Document the exception cases. Sit with the person who currently does the task and walk through the last twenty instances together. For each one handled differently from the others, write down why. Those reasons become the exception rules. A workflow with fifteen documented exceptions is specifiable. A workflow with "it depends" is not.

Add an explicit escalation path. Every brief needs a named action for inputs the agent wasn't designed to handle. Not "the agent will figure it out" — a specific step. Flag for review, route to a queue, reply with a holding message. The escalation path keeps the agent from producing wrong outputs on edge cases.

A workflow that fails the new-employee test today can pass it in a week if someone sits down and writes the procedure. That document is not preparation for automation. It is the brief. The agent runs from it directly.

Write a first-draft procedure

Start with what you know: trigger, typical inputs, expected output. Write it as a numbered step sequence. Do not worry about completeness — the gaps will surface in the next steps.

Run the new-employee test

Hand the procedure to someone with no knowledge of the workflow. Ask them to describe what they would do for a specific real input. Every question they ask is a missing line. Every wrong description they give is an ambiguity.

Walk through 20 real instances

Sit with whoever currently does the workflow and observe it run on 20 actual inputs. Record the trigger, inputs available, decision made, output produced, and any exception handled for each instance. The first draft rarely survives contact with real instances.

Document every exception rule

For each instance handled differently from the standard path, write a named rule: when condition X is true, do Y instead.

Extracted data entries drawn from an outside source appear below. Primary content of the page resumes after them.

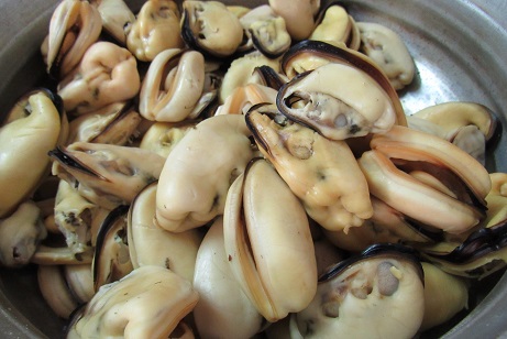 - Now split the mussel shells and take out the flesh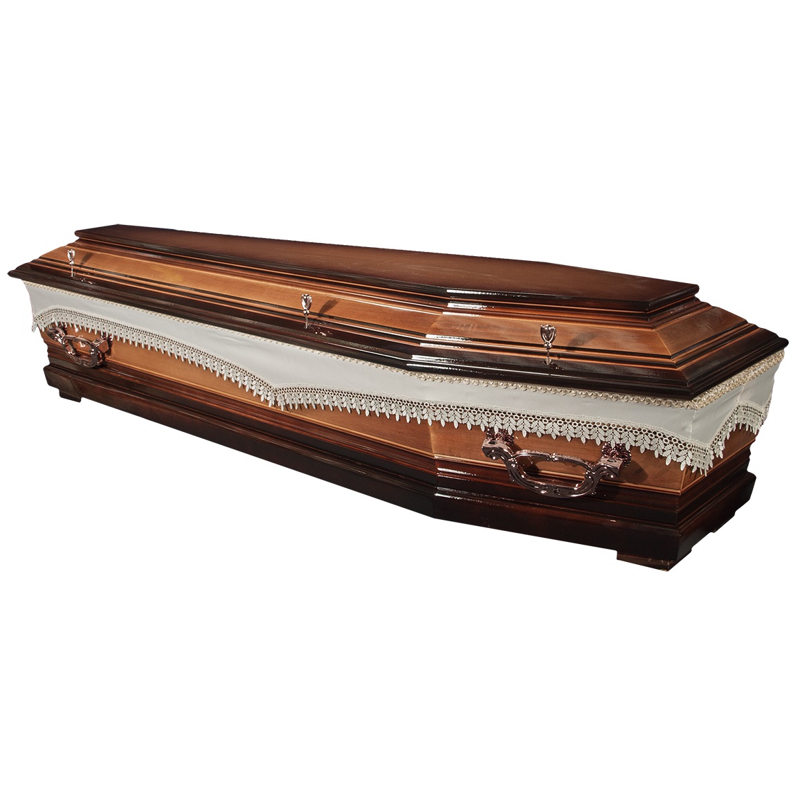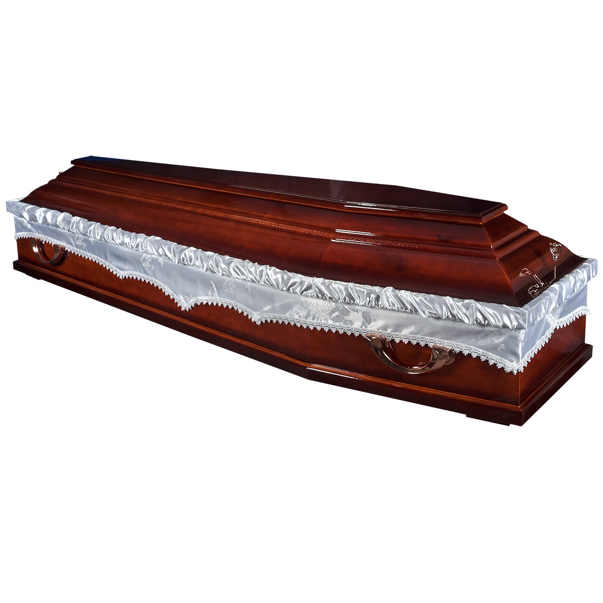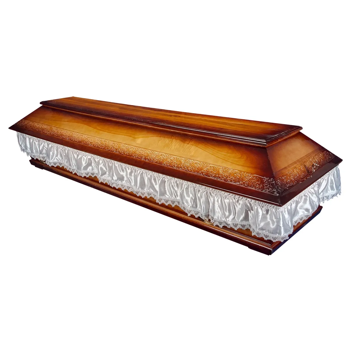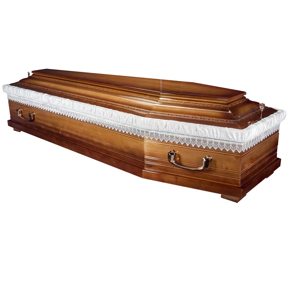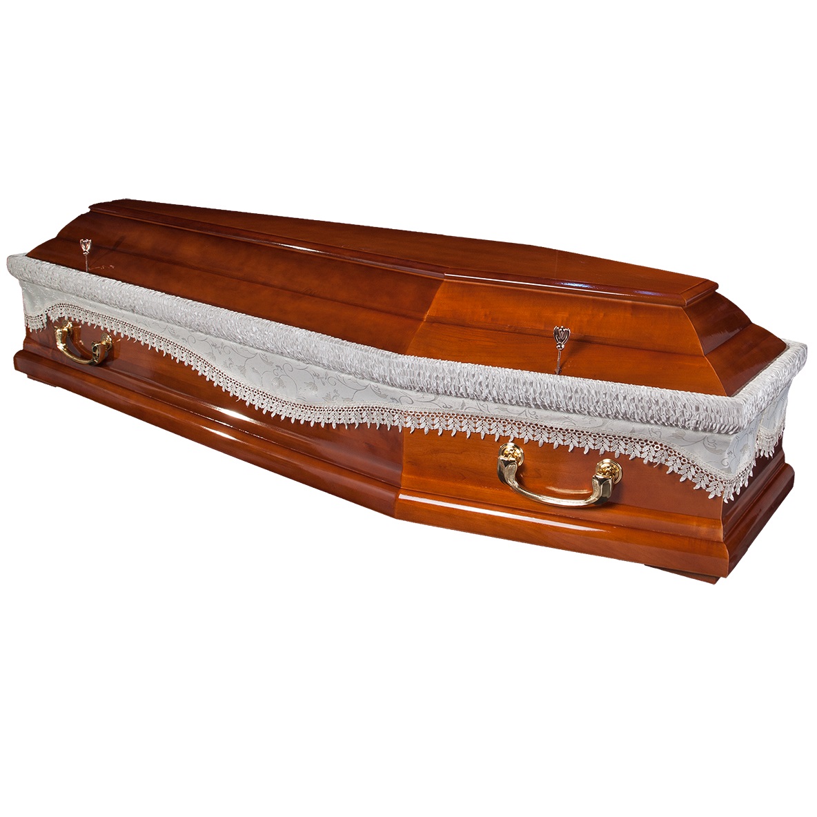 A hatszögletű koporsók a hagyományos temetések klasszikus formavilágát képviselik. Letisztult vonalvezetésük, elegáns arányai és időtálló megjelenésük méltóságteljes búcsút biztosítanak. Kínálatunkban többféle színben és kidolgozással elérhetők, igény szerint választható belső kárpitozással és fogantyúval.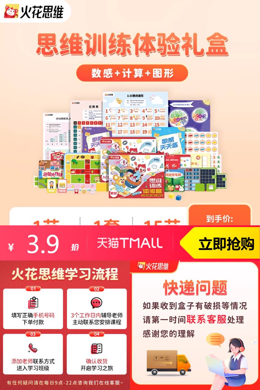 【原价39.9-券36-淘金币0.79=到手3.11】1套学具礼盒+1节真人互动直播+15节思维训练!十多件火花数感图形学具礼盒,从具象体验-形象感知-抽象思考激发学习的兴趣,拓展知识体系掌握丰富的思维方法将孩子的知识、能力、思维三者相互连接。

A workflow with 12 documented exception rules is specifiable. A workflow with "use judgment" is not.

Write the escalation path

Define the specific action for inputs that match no named rule: flag for review, route to a queue, reply with a holding message. The escalation path turns an undefined edge case into a handled one. Without it, every undefined case produces a confident-looking wrong output.

Test against five new inputs

Find five real inputs from the last 30 days not used in the step 3 session. Run each through the procedure. Any gap that appears is a missing line. Fix it before the build starts.

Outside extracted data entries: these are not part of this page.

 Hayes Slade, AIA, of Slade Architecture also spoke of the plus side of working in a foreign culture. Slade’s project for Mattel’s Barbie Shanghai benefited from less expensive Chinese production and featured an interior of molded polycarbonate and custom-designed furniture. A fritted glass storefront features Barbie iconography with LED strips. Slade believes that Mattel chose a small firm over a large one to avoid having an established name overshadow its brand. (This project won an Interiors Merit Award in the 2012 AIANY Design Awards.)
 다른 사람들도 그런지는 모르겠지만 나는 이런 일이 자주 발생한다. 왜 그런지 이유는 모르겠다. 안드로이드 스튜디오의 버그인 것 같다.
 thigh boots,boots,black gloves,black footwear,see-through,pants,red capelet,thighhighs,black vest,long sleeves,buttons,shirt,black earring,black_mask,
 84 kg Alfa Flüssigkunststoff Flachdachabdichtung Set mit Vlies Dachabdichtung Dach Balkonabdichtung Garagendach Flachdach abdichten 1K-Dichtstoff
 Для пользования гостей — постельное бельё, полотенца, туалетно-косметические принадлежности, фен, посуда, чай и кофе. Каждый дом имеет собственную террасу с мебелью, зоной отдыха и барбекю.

Frequently asked questions

How do you know if a workflow is ready for an AI agent?

Use the new-employee test: could a new employee do this correctly on day one, given only a written procedure and no other context? If yes, the workflow is specifiable and automatable. If the answer requires prior knowledge, judgment about exceptions, or checking with someone first, the specification is incomplete — and the agent will fail on the same gaps.

What does a workflow ready for an AI agent look like?

A ready workflow has four properties: a defined trigger that is observable and testable, a consistent input format the agent receives every time, a clear success criterion that does not require judgment to evaluate, and a finite set of named exceptions where all edge cases are explicitly defined.

What makes a workflow unready for automation?

Four signals: the task description contains the word "appropriate" without a definition, the team says "it depends" when asked how exceptions are handled, the only person who can verify the agent's output is the person who normally does the task, and the process changes frequently enough to require constant brief updates.

How do you make an unready workflow ready for an AI agent?

Three steps: narrow the scope until the workflow can be fully specified, document exception cases by walking through the last twenty instances with whoever currently does the task, and add an explicit escalation path for inputs the agent was not designed to handle. A workflow that fails the new-employee test today can pass it in a week if someone writes the procedure.